Comparing Retail Electricity Pricing Programs
Most retail electricity customers face constant electricity prices even though the hourly costs of electricity production vary substantially. In The Efficiency of Dynamic Electricity Prices (NBER Working Paper 32995), Andrew J. Hinchberger, Mark R. Jacobsen, Christopher R. Knittel, James M. Sallee, and Arthur A. van Benthem examine how closely the retail charges associated with time-of-use rate plans, critical-peak pricing plans, and real-time retail pricing with price ceilings match wholesale electricity prices, which vary at high frequency and reflect volatile production costs.
Time-of-use and critical-peak electricity pricing models are jointly 20 percent better than flat-rate pricing at matching the variation in wholesale electricity prices but fall far short of real-time pricing with price ceilings.
Two of the most common variable retail pricing structures are time-of-use (TOU) and critical peak pricing (CPP). TOU prices specify rates based on the time of day, day of the week, or season, and are calibrated using historical data. CPP rates add a cost premium during time periods called “events,” when the grid is expected to be near capacity. Although events are announced only hours in advance, the rates that apply when an event is in progress are often held constant for years.
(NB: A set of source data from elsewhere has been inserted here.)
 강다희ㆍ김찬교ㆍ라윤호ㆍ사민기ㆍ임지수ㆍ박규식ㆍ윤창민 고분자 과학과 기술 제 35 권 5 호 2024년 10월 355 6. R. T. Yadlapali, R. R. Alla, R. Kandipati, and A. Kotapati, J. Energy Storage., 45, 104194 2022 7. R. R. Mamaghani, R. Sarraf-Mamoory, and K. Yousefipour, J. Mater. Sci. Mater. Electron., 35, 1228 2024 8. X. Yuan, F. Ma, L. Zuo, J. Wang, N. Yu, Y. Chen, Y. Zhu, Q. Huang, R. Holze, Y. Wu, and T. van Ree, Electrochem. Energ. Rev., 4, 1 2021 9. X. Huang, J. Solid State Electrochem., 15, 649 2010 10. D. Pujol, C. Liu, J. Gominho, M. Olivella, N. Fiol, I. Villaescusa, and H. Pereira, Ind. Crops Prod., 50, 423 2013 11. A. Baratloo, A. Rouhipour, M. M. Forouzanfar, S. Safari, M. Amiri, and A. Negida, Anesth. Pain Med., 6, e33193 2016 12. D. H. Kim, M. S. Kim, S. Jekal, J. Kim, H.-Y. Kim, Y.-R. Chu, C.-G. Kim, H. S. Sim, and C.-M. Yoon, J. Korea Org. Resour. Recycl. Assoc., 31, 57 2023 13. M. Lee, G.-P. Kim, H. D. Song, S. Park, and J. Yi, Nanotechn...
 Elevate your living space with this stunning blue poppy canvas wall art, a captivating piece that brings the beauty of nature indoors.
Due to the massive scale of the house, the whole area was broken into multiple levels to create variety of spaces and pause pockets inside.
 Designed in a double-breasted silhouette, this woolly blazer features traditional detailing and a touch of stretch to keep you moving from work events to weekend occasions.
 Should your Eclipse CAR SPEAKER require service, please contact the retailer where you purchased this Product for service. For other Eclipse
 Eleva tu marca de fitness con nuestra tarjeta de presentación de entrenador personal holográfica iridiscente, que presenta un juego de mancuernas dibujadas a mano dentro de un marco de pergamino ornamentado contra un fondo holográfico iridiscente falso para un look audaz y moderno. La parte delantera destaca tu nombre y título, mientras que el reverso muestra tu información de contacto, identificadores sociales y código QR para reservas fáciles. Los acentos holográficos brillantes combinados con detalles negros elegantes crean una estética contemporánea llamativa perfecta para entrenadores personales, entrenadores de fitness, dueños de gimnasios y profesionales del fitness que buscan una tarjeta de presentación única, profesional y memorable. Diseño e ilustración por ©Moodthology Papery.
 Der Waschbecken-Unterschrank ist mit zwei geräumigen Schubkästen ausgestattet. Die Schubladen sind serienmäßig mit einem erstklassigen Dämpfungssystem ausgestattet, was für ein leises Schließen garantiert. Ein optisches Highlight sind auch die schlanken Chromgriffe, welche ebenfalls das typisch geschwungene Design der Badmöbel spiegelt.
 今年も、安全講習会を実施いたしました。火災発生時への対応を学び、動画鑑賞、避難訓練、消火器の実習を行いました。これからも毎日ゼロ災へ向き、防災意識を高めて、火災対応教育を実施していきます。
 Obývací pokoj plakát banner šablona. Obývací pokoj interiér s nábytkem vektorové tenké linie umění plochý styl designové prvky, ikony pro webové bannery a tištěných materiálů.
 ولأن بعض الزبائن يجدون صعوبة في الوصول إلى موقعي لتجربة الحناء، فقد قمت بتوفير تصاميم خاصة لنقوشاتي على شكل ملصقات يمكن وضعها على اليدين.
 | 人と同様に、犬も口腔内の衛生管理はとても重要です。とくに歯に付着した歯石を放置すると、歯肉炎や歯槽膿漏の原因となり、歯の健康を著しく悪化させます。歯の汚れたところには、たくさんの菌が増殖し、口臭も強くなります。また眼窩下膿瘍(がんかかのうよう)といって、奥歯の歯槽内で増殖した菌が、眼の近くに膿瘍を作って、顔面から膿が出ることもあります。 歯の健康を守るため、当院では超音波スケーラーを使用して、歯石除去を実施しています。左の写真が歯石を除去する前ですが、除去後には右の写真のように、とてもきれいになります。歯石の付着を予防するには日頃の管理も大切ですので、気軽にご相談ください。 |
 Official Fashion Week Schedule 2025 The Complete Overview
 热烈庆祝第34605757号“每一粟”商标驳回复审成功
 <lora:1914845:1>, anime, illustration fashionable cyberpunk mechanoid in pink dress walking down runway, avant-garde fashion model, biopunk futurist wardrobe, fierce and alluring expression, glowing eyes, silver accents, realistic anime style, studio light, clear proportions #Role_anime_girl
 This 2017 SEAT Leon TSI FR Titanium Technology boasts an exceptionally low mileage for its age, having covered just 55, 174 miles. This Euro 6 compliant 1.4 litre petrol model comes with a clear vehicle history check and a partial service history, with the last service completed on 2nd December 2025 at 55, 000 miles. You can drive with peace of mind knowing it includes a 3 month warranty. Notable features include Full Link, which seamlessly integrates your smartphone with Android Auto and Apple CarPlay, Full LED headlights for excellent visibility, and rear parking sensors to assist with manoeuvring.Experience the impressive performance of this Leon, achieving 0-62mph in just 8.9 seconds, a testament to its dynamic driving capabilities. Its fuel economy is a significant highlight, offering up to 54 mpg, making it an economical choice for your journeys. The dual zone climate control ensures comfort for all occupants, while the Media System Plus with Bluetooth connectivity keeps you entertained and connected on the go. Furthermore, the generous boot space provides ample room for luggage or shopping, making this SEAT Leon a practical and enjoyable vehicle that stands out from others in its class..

To construct a time series on wholesale electricity prices, the researchers use data on real-time and day-ahead locational marginal prices from the hourly auctions in the seven US wholesale electricity markets from 2000 through 2020. They use these data to fit alternative rate schedules onto historical wholesale prices using standard regression tools, accounting for out-of-sample fit and the fact that alternative policies change equilibrium wholesale-market prices.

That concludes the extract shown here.